What this task involves:
Skip the pictures, and retype the data below in full, exactly.

Data:
........
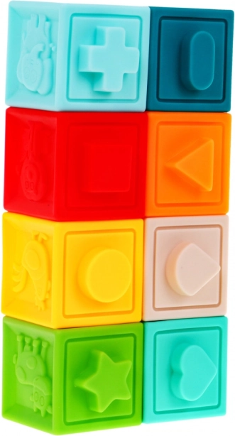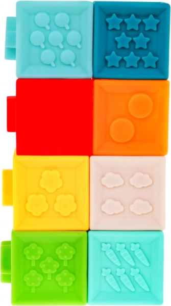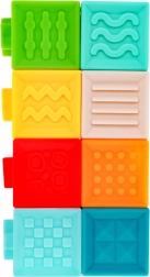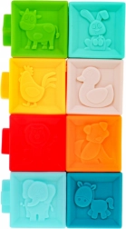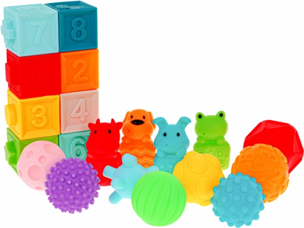 | | Set mekih, sigurnih senzoričkih igračaka namijenjen je djeci od 6 mjeseci. Igračke su izrađene od 100% materijala pogodnih za djecu. Potiču maštu, um, vid i sluh. Elemente seta dijete može slobodno stiskati, čime jača snagu u rukama. Pri stiskanju ispuštaju zvukove koji bude djetetov interes. Set se sastoji od 20 elemenata: sadrži 4 životinjice, 8 loptica i 8 kocaka. Svaki element ima drugačiju strukturu i boju, što djetetu pruža raznolike podražaje za njegova osjetila. |
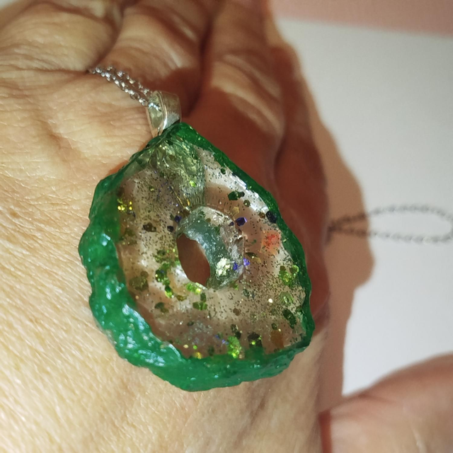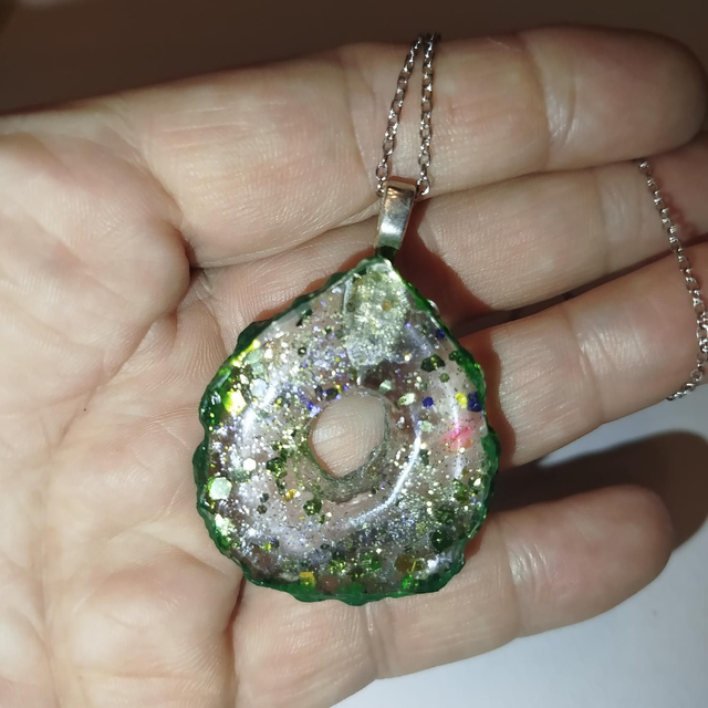 Pendentif en résine transparente percé au centre, parsemé de fines paillettes et bordé d’un vert foncé lumineux.
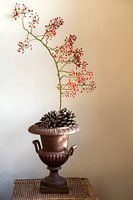 Deze gestileerde stillevenfoto ademt de essentie van wabi-sabi — de Japanse esthetiek die schoonheid vindt in imperfectie, vergankelijkheid en eenvoud. In een klassieke vaas rust een fragiele tak met besjes, subtiel uitgebalanceerd met dennenappels, tegen een zachte lichtval aan. De compositie is sober maar doordacht, en roept een gevoel op van tijdloosheid, introspectie en harmonie. De bewerking in Photoshop accentueert het spel van licht en textuur zonder de natuurlijke rust te verstoren, waardoor het beeld meditatief aanvoelt.
........
Expected answer:
 | | Set mekih, sigurnih senzoričkih igračaka namijenjen je djeci od 6 mjeseci. Igračke su izrađene od 100% materijala pogodnih za djecu. Potiču maštu, um, vid i sluh. Elemente seta dijete može slobodno stiskati, čime jača snagu u rukama. Pri stiskanju ispuštaju zvukove koji bude djetetov interes. Set se sastoji od 20 elemenata: sadrži 4 životinjice, 8 loptica i 8 kocaka. Svaki element ima drugačiju strukturu i boju, što djetetu pruža raznolike podražaje za njegova osjetila. |
 Pendentif en résine transparente percé au centre, parsemé de fines paillettes et bordé d’un vert foncé lumineux.
 Deze gestileerde stillevenfoto ademt de essentie van wabi-sabi — de Japanse esthetiek die schoonheid vindt in imperfectie, vergankelijkheid en eenvoud. In een klassieke vaas rust een fragiele tak met besjes, subtiel uitgebalanceerd met dennenappels, tegen een zachte lichtval aan. De compositie is sober maar doordacht, en roept een gevoel op van tijdloosheid, introspectie en harmonie. De bewerking in Photoshop accentueert het spel van licht en textuur zonder de natuurlijke rust te verstoren, waardoor het beeld meditatief aanvoelt.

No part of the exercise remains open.